__Problem details__:
Could you transcribe exactly the lines below, from the line with "Wenn Sie sich" through the line with "Peacock with chickens", and nothing else, leaving out the pictures?

*** Source material Section Begins ***

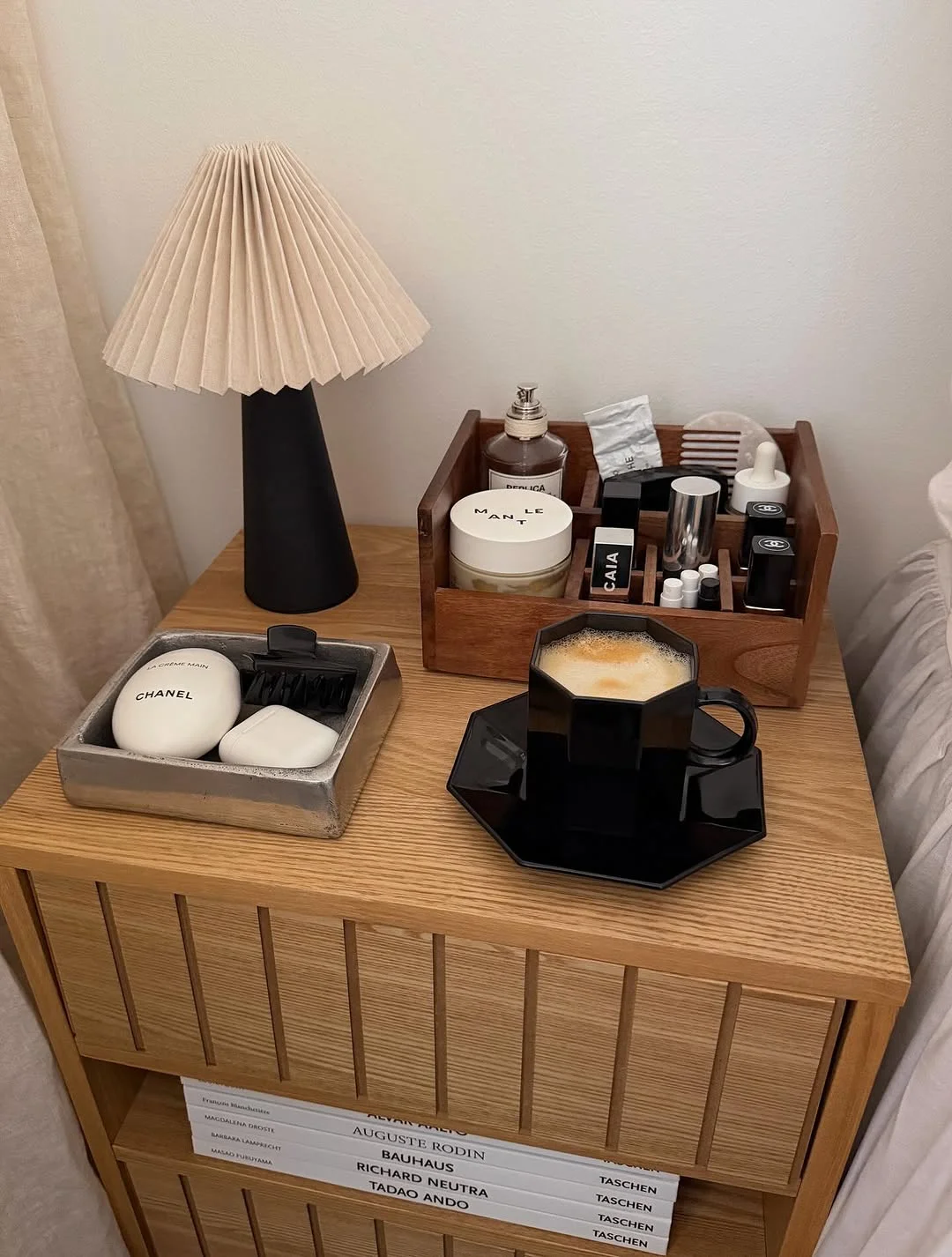 This bedside table beautifully combines style and practicality. A minimalist, pleated lamp brings an elegant yet soft glow, ideal for winding down.
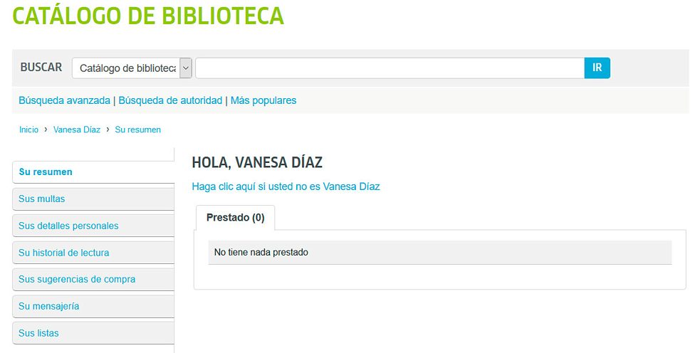 Wenn Sie sich erfolgreich eingeloggt haben, werden Sie den Kontoübersicht sehen, wo alle Information über Ihre ausgeliehenen Materialien zu Verfügung steht.
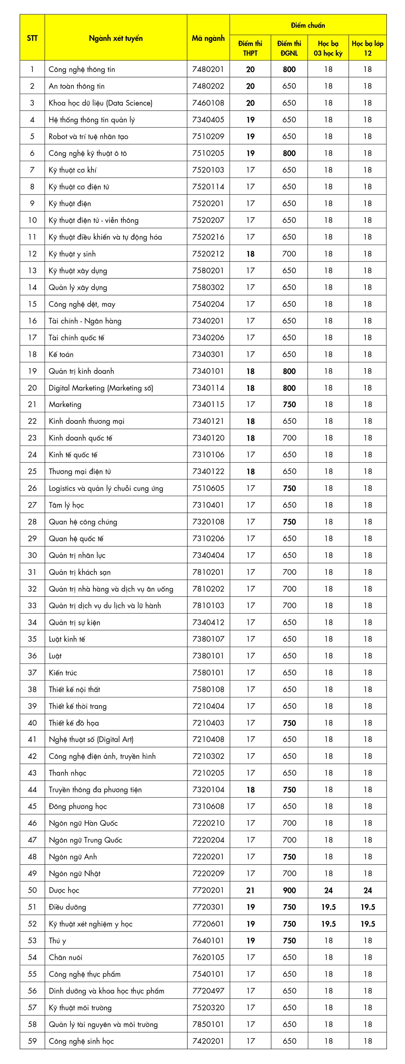 Các ngành Quan hệ quốc tế, Logistics và quản lý chuỗi cung ứng, Ngôn ngữ Trung Quốc, Ngôn ngữ Nhật, Quan hệ công chúng, Kinh doanh thương mại, Quản trị nhân lực, Khoa học dữ liệu, Quản trị nhà hàng và dịch vụ ăn uống, Quảng cáo, Bất động sản, Kiểm toán có mức điểm trúng tuyển là 19. Các ngành còn lại dao động từ 17 - 18 điểm.
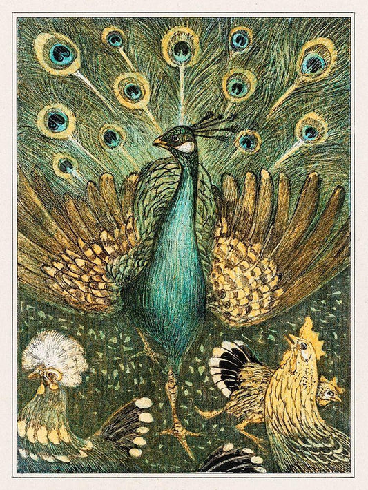 Peacock with chickens White Modern Wood Framed Art Print with Double Matting by Hoytema, Theo van
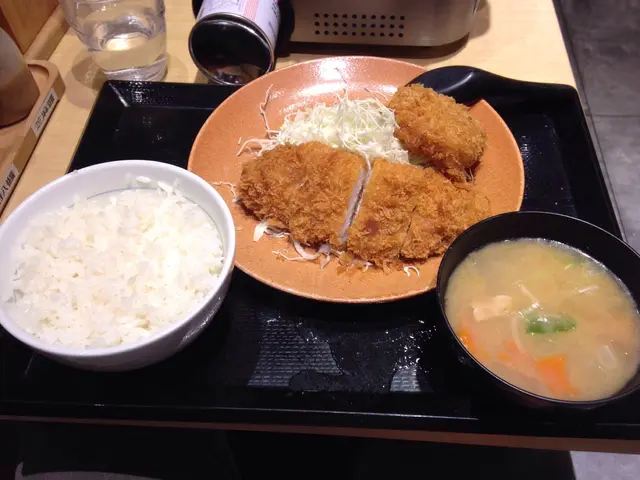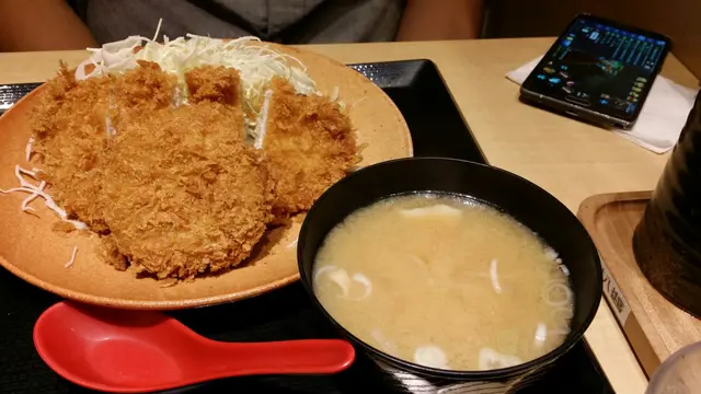 黃金餅方面,黃金餅十分厚身,應該混合了豬肉碎,洋蔥等食材,吃下去時外皮都是十分香脆,而內裏十分Juicy,味道不錯!麵豉湯方面,麵豉湯內有豬肉片和雜菜,但味道一般。價錢方面,其實以中午價錢來說,是比較昂貴的。吉列炸蝦雞扒定食$69,吉列豬扒黃金餅定食$75,麵豉湯免費,飲品要另加$8,所以沒叫,另有加一服務費,2人總共$158。總結來說,由於全部都是炸物的關係,第一啖吃時會覺得十分美味,但繼續不斷吃時會愈食愈Dry和油膩,會漸漸覺得味道其實一般…其實不如想像中這麽美味…而且價錢太貴了,便宜一點會好點
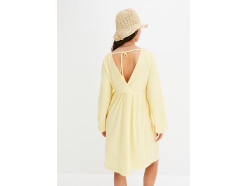 B.P.C sukienka żółta z krepy letnia długi rękaw 44/46.
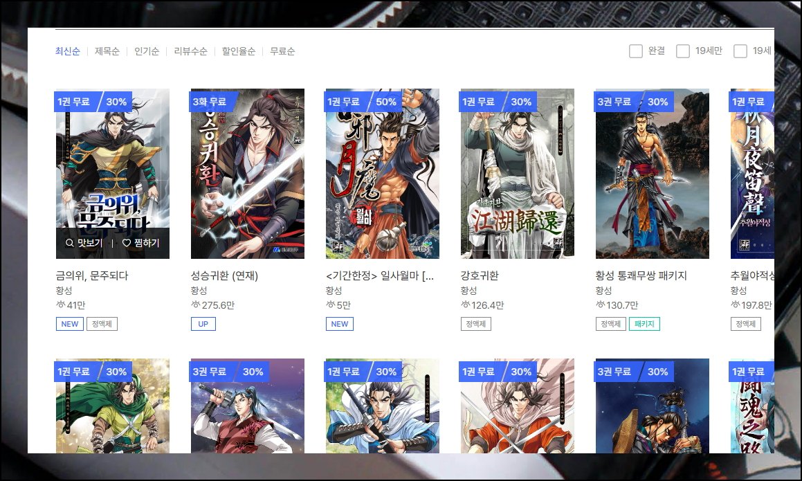 페이지 내에서 인기순으로 정렬하면 황성 무료만화들이 상위권에 배치됩니다. 금의위를 비롯해 성승귀환, 강호귀환, 일사월마 등 흥미로운 작품들을 만날 수 있어요. 황성 작가의 독특한 스토리텔링을 경험해볼 수 있는 기회입니다. 각 웹툰마다 무상으로 제공이 되는 권수는 다르지만, 선택의 폭이 매우 넓어요. 여기 있는 작품에서만 맛볼 수 있는 매력적인 캐릭터와 전개를 확인해보세요.

*** Source material Section Ends ***

__Task response__:
 Wenn Sie sich erfolgreich eingeloggt haben, werden Sie den Kontoübersicht sehen, wo alle Information über Ihre ausgeliehenen Materialien zu Verfügung steht.
 Các ngành Quan hệ quốc tế, Logistics và quản lý chuỗi cung ứng, Ngôn ngữ Trung Quốc, Ngôn ngữ Nhật, Quan hệ công chúng, Kinh doanh thương mại, Quản trị nhân lực, Khoa học dữ liệu, Quản trị nhà hàng và dịch vụ ăn uống, Quảng cáo, Bất động sản, Kiểm toán có mức điểm trúng tuyển là 19. Các ngành còn lại dao động từ 17 - 18 điểm.
 Peacock with chickens White Modern Wood Framed Art Print with Double Matting by Hoytema, Theo van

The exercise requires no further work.